帳票テンプレートでは、変数(テンプレート変数)を使用して、動的に内容を変更することができます。

テンプレート変数は ${value} の形式で記述します。

<Text color="${color}">${message}</Text>

アプリケーション側では、テンプレート変数へ代入する値は generate() の引数でオブジェクトを入力します。

テンプレート変数へ入力できるデータは、JSONとして表現できるデータ型およびバイナリデータ(ArrayBufferUint8Array)です。 バイナリデータは、画像やPDFを入力する際に使用します。

const report = await generator.generate({
color: 'red',
message: 'hello!\nyagisan-reports!!'
});

テンプレート変数はレイアウトXMLの以下の場所で指定できます。

  • テキストコンテンツ(テキスト系コンポーネントのコンテンツ)
  • 各要素の属性値のうち、「テンプレート変数が使用可能」と指定があるもの

テキストコンテンツでは以下のように、文字列の一部としてテンプレート変数を埋め込むことも可能です。

<Text>Hello, ${name}!</Text>

ドット記法

${foo.bar.baz.qux} のように「ドット区切り」で記述することで、ネストしたオブジェクトのプロパティを参照させることができます。

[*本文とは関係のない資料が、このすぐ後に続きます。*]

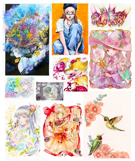 色をたくさん使っていながらの混色。それと、重ね塗りしながらも濁らせずに立体感を表現するという技術力の高さから選ばせていただきました。
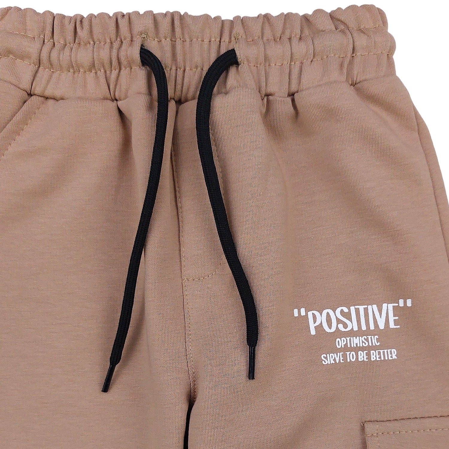 The trousers stand out with their carefully thought-out design. The elastic waistband with black drawstrings allows for a perfect fit, ensuring maximum comfort. The cuffs at the bottom of the legs not only add a sporty character, but also make the trousers fit well and protect the legs from drafts. The side pocket on the leg is a practical and stylish element - ideal for storing small items such as tissues or a small toy. Additionally, minimalist prints in the form of the inscription "Positive" give the trousers a modern look that will appeal to both children and parents.
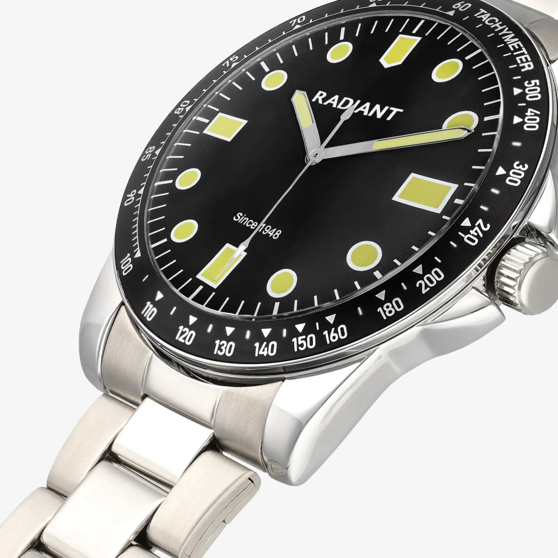 A sua caixa de 43 mm em metal polido, juntamente com a bracelete de elos metálicos, cria uma silhueta robusta, enquanto o mostrador preto com marcadores amarelos confere uma estética funcional e contemporânea.
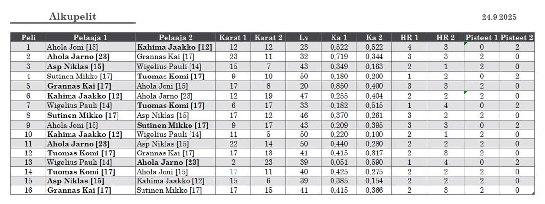 Mukana olijoiden kesken on oma Whatsapp rinki tuloksia ja pelien sopimisia varten. Osallistumismaksu 30e pitää maksaa 21.9.2025 mennessä joko käteisellä Joni Ahola / Tuomas Komi tai Mobile Pay (Joni Ahola 0407563627)
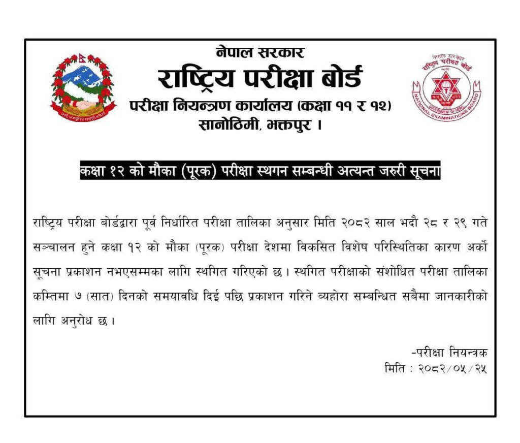 कक्षा १२ को मौका (पूरक) परीक्षा अनिश्चिकालसम्म स्थगित भएको छ। राष्ट्रिय परीक्षा बोर्डले बुधबार सूचना जारी गर्दै देशमा विकसित विशेष परिस्थितिका कारण अर्को सूचना प्रकाशन नभएसम्मका लागि स्थगित गरिएको जनाएको हो। कक्षा १२ को मौका परीक्षा भदौ २८ / २९ गते सञ्चालन हुने तालिका रहेको थियो।
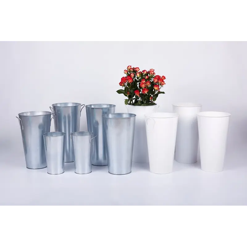 Металеві вазони і кашпо можна використовувати як для будь-яких букетів квітів, так і в якості горщика для посадки квітів. А також для створення флористичних композицій і різної творчості. Цю продукцію виконано в базових і акцентних кольорах, вона характеризується глянцевою поверхнею і різноманітністю розмірів і забарвлень. Вазони є як з ручками, так і без ручок, об'ємами 3,5л, 11л і 13л.
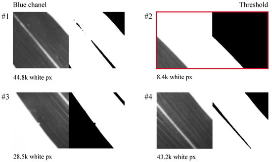 Selection process for images obtained through quadrant division. Each image shows the separated blue channel (left) and the result of thresholding (right). The number of white pixels at the bottom of each image represents the leaf content. A minimum count of 15k white pixels is considered as the threshold for determining the presence of relevant information. ‘#1’ to ‘#4’ are the resulting images after quadrant division. In this example, only image would be filtered out.
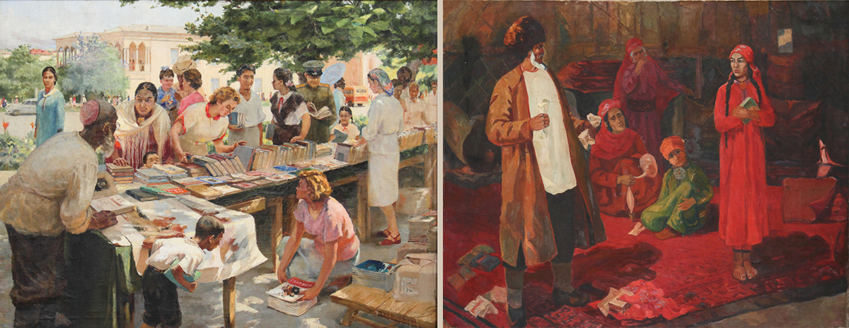 Наполненная ярким солнечным светом картина «Книжный базар» Иззата Клычева – это шедевр, который особенно понятен и дорог жителям столицы. Наконец-то, Ашхабад восстановился от последствий землетрясения. Люди потянулись к знаниям, которые на тот момент находились только в книгах. Народному художнику удалось очень точно передать дух того времени: архитектура центра столицы, поведение людей и одежда, соответствующая моде того периода.

<Text>${currentUser.name}</Text>
const report = await generator.generate({
currentUser: {
id: 123,
name: '帳票太郎',
}
});

ブラケット記法

${foo[0]} のように「ブラケット」で配列添字を記述することで、配列の要素を参照させることができます。

<Text>${users[0]}</Text>
const report = await generator.generate({
users: ['帳票太郎', '帳票花子'],
});

演算子

! 演算子(NOT演算子)のみサポートしています。

${!enabled} のように記述します。 Boolean 型の属性でのみ使用可能です。

定義済みのテンプレート変数

yagisan-reportsでは、定義済みテンプレート変数が用意されています。 テキスト系コンポーネントのコンテンツで使用可能です。

ページ情報

以下のテンプレート変数は、<StackLayout> <LayoutHeader> <LayoutFooter> 要素の配下でのみ使用できます。

変数説明
${Report.page}帳票全体のページ番号
${Report.totalPages}帳票全体の総ページ数
${Layout.page}レイアウトごとのページ番号
${Layout.totalPages}レイアウトごとの総ページ数

例えば、帳票テンプレート内に「表紙」「明細」「裏表紙」という3つのレイアウトXMLが存在し、「表紙と裏表紙は1ページで、明細が3ページに渡る場合」では、変数の値は以下のようになります。

  • 表紙
    • ${Report.page} : 1
    • ${Layout.page} : 1
  • 明細1枚目:
    • ${Report.page} : 2
    • ${Layout.page} : 1
  • 明細2枚目:
    • ${Report.page} : 3
    • ${Layout.page} : 2
  • 明細3枚目:
    • ${Report.page} : 4
    • ${Layout.page} : 3
  • 裏表紙:
    • ${Report.page} : 5
    • ${Layout.page} : 1

アセット

帳票テンプレートに登録されているアセットは、レイアウトXMLから参照できます。

アセットの登録は、帳票テンプレートの作成時に行います。 以下のように --asset path@name の形式で、アセットのパスと名称を指定します。

npx yagisan yrt pack \
--asset /path/to/asset.png@asset1 \
--out template.yrt \
layout.xml

レイアウトXMLからアセットを参照するには @{name} の形式で指定します。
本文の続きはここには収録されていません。